Алина предложила взять фотоаппарат у завхоза Веника и сделать снимки модели с разных сторон. Потом уж ходить с фотками, показывать. Конечно, когда кораблик будет полностью готов. Вживую, понятно, эффектнее, но всё-таки…

– Нужно пока найти верный заработок, – резюмировал Костя. – Устроиться в дворники или подрядиться ремонтировать подъезды. А долг завучу давай я погашу.

– Ты прав, старичок, – грустно ответил Капитан. – Тоскливо только, понимаешь! Ведь я с таким удовольствием взялся мастерить, словно не о деньгах думал. Радость была на душе, попутный ветер…

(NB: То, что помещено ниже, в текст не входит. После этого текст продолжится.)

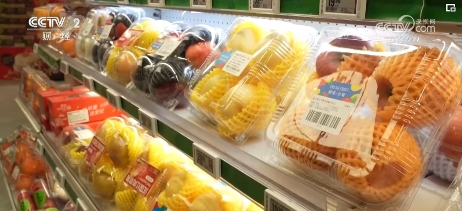 除了蘋果,各類葡萄、柑橘、車?yán)遄?、草莓、藍(lán)莓、菠蘿、榴蓮等水果也大量上市。僅記者采訪的這家生鮮超市,新奇特品種相比2023年,就有5%—10%的增長,春節(jié)前更是有100多款水果在店內(nèi)銷售,豐富了百姓的“果盤子”。
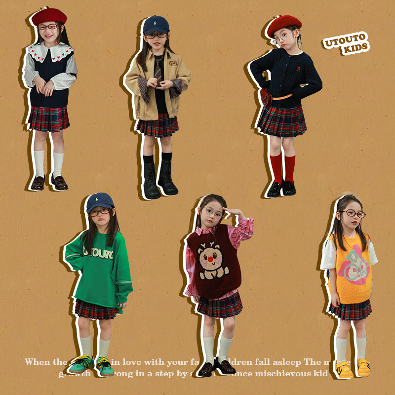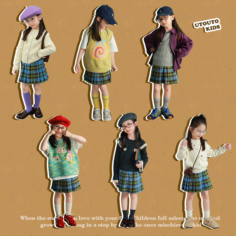 大耳象女童格子百褶裙裤秋季新款宝儿学院风半身加厚甜美短裙子
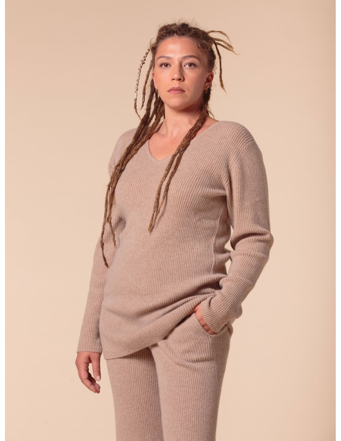 Il Maxi Pull Sara è il capo che unisce eleganza e comodità assoluta. Realizzato in puro cashmere, ha una lavorazione a costina che dona elasticità, struttura e una mano soffice e avvolgente. Lo scollo a V aperto e armonioso valorizza la linea del collo e del décolleté, mentre la lunghezza maxi e il taglio asciutto ma non troppo slim fit creano una silhouette morbida, che accompagna il corpo senza costringerlo.
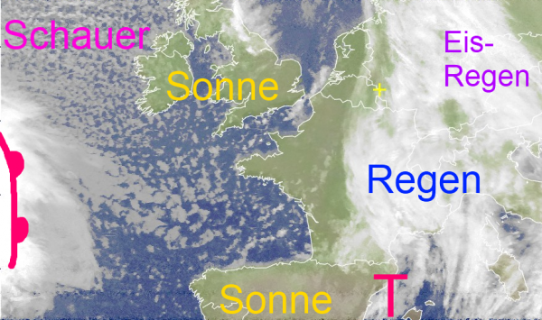 Morgen setzt sich von Westen zunächst eine kurze Wetterberuhigungphase durch, bevor im Tagesverlauf vom Atlantik die Regenwolken eines neuen Frontensystems nahen.

Фразу Володя не докончил. Вслед за ним все повернулись в сторону входа в здание, на побитую временем асфальтовую дорожку. И, конечно, увидели, что там происходит, но Кэп всё равно брякнул по инерции:

– Прикиньте, кто идёт сюда с Нинушкой! Тот самый шпион из кафе!

Завуч и директриса зачем-то приехали на работу в воскресенье. Проверку ждут, что ли? Шныряли по территории, что-то высчитывали, потом разошлись по кабинетам. А теперь вслед за немного растерянной помощницей директора невозмутимо вышагивал пожилой хмырь. Ходячая реклама деловой одежды из безумно дорогих салонов.

Хмырь поблагодарил Нинушку, обозвав её «мэм», и сказал, что хотел бы «самостоятельно побеседовать с милой молодёжью». И Нина Николаевна послушалась! Ну, дела!

Выразив желание присесть и расценив общее молчание как согласие, тип из кафе расположился на освобождённой ему лавочке и представился:

– Меня зовут Сэм Олдбрук. Я дипломат, сотрудник британского посольства. В России живу давно. Где-то лет сорок.

– Я же говорил – шпион! – ляпнул Володя и густо покраснел, но не отвёл взгляда, а смотрел на чужака исподлобья.

Тот на миг удивлённо поднял брови, а затем проговорил тихо и очень мягко:

– Мне казалось, что у ребят, родившихся в период перестройки, нормальные представления об иностранцах. Разумеется, по работе мне постоянно приходится собирать и анализировать информацию, самую разную. Но если вы думаете, что я занимаюсь слежкой, проникаю на секретные объекты или передаю шифрованные сообщения о страшных военных тайнах – вынужден вас разочаровать. Всё моё оружие составляют блокнот, ручка, телефон и офисный компьютер.

– Как раз о слежке хотелось бы поподробнее, – заметил Сверчок, не желая отдавать незнакомцу роль первой скрипки. – Зачем вам понадобилось выслеживать нас после кафе?

– Не после, а начиная с кафе, – уточнила Алина. – И подслушивать за столиком наш разговор.

Сэм, старый пройдоха, внутренне подобрался, ощутив, насколько неприятной может оказаться интуиция блондинки. На него смотрели четыре пары пытливых глаз. Завоевать доверие будет непросто.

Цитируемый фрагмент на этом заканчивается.